### What is needed
Please return exactly the lines from the top of the data through the line that contains "- Cool Kitchen", and skip all pictures.

### Recorded information
>>>

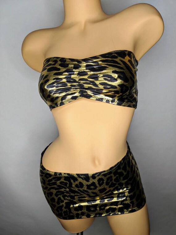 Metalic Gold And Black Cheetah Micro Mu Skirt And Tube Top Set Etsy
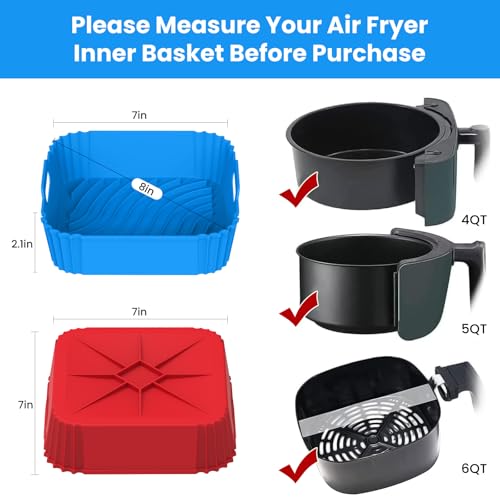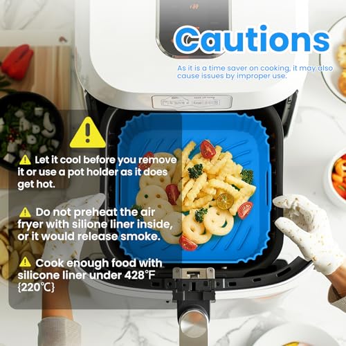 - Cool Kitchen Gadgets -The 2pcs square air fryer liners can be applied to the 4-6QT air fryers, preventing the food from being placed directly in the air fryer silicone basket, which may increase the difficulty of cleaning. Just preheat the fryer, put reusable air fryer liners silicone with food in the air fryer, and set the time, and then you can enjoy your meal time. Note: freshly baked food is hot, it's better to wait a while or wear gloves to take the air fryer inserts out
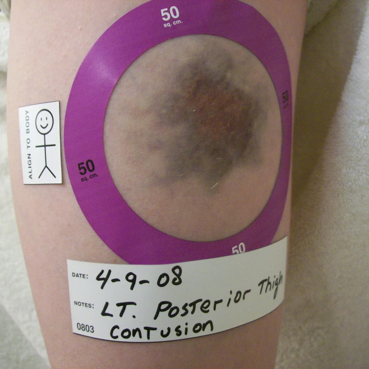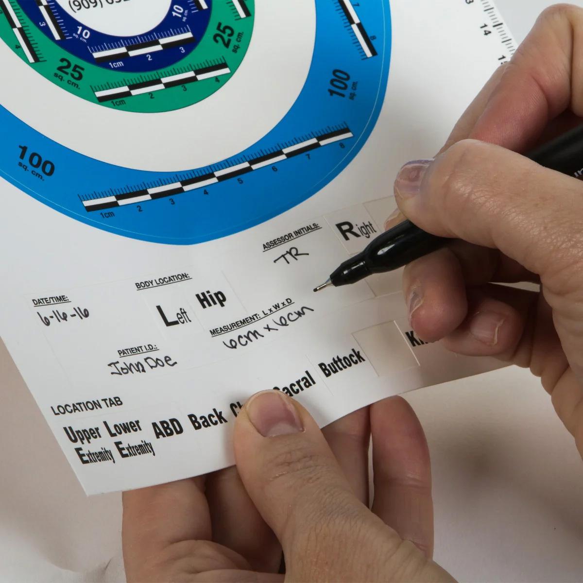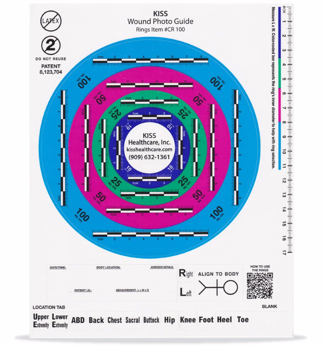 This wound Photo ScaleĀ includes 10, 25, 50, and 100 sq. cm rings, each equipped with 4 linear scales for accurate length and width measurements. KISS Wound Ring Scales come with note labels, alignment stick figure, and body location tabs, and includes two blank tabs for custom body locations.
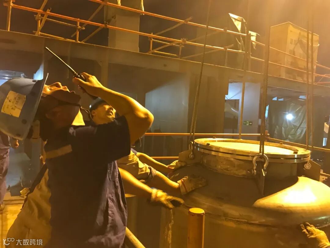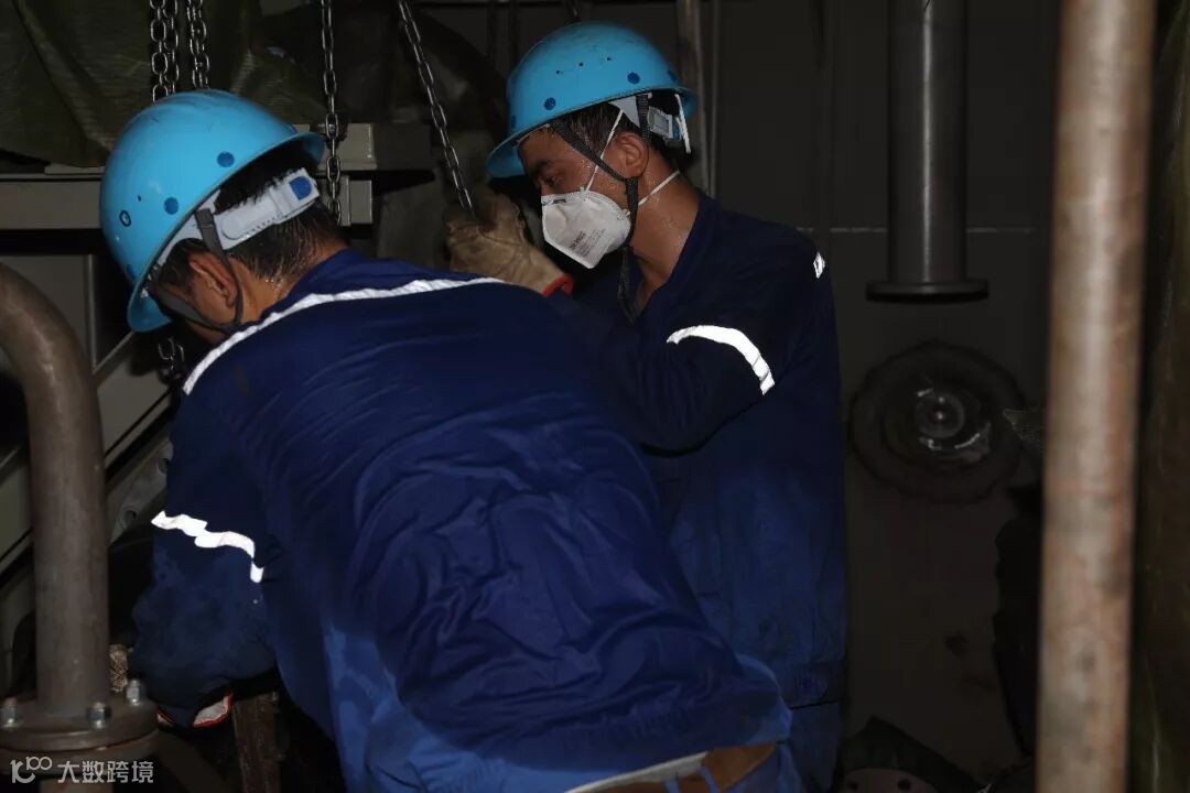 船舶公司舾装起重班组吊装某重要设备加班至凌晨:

<<<

### Your solution
 Metalic Gold And Black Cheetah Micro Mu Skirt And Tube Top Set Etsy
 - Cool Kitchen Gadgets -The 2pcs square air fryer liners can be applied to the 4-6QT air fryers, preventing the food from being placed directly in the air fryer silicone basket, which may increase the difficulty of cleaning. Just preheat the fryer, put reusable air fryer liners silicone with food in the air fryer, and set the time, and then you can enjoy your meal time. Note: freshly baked food is hot, it's better to wait a while or wear gloves to take the air fryer inserts out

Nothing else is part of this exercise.